● **Work order**: Repeat the records below exactly from the line containing "Thin strips of" to the line containing "Mandarinen wachsen in", taking in both of those lines. Drop the pictures.

● **Extracted records**:
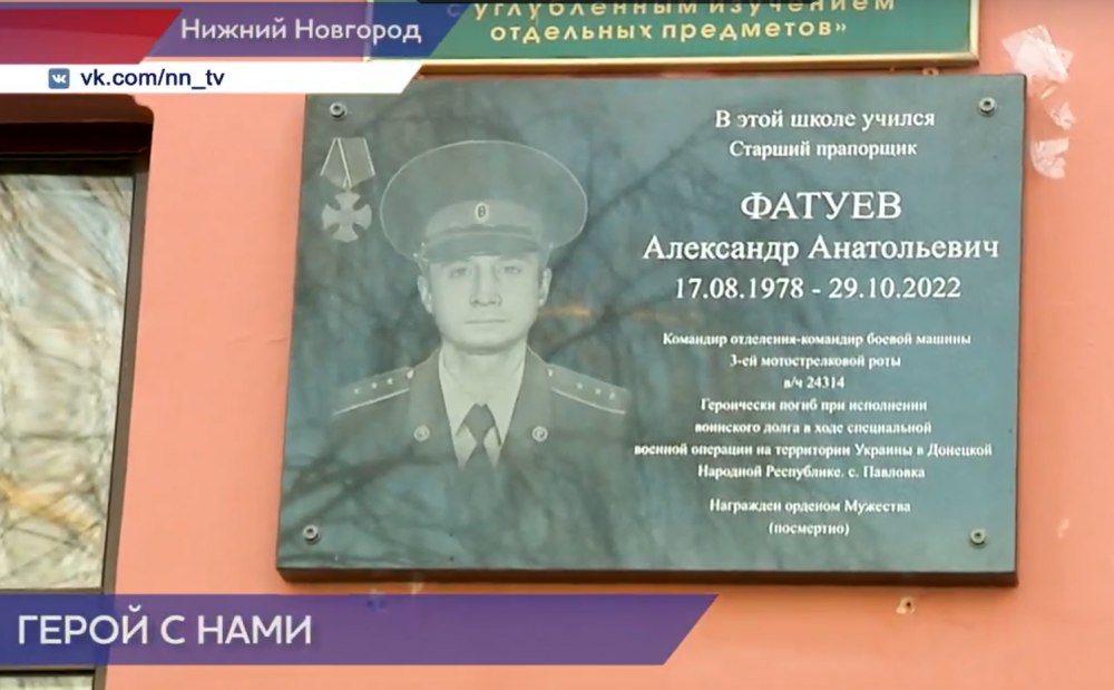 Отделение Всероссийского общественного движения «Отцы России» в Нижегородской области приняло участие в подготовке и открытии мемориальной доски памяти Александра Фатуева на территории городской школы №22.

* * *

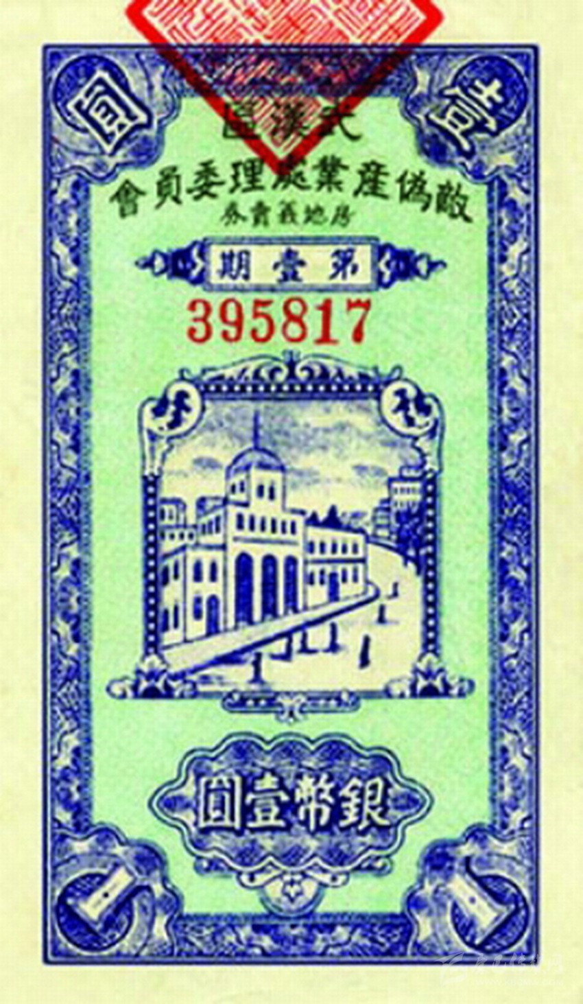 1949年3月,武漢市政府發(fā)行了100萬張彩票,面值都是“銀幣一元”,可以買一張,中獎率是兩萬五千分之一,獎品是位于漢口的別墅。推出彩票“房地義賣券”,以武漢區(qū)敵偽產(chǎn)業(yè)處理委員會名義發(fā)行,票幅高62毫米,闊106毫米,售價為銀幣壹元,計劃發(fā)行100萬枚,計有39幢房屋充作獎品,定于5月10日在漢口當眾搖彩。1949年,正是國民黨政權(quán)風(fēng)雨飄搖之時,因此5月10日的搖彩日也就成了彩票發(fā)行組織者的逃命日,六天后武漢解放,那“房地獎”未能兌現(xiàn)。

--

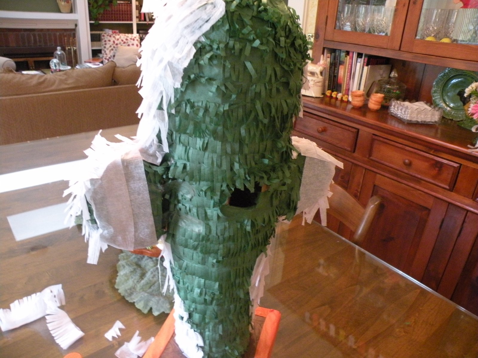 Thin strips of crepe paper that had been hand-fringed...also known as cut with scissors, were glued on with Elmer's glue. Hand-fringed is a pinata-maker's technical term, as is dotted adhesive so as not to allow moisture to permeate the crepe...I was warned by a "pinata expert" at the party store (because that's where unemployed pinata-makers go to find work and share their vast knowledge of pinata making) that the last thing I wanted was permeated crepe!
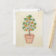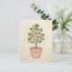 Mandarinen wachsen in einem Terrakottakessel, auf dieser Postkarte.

● **Exercise result**:
 Thin strips of crepe paper that had been hand-fringed...also known as cut with scissors, were glued on with Elmer's glue. Hand-fringed is a pinata-maker's technical term, as is dotted adhesive so as not to allow moisture to permeate the crepe...I was warned by a "pinata expert" at the party store (because that's where unemployed pinata-makers go to find work and share their vast knowledge of pinata making) that the last thing I wanted was permeated crepe!
 Mandarinen wachsen in einem Terrakottakessel, auf dieser Postkarte.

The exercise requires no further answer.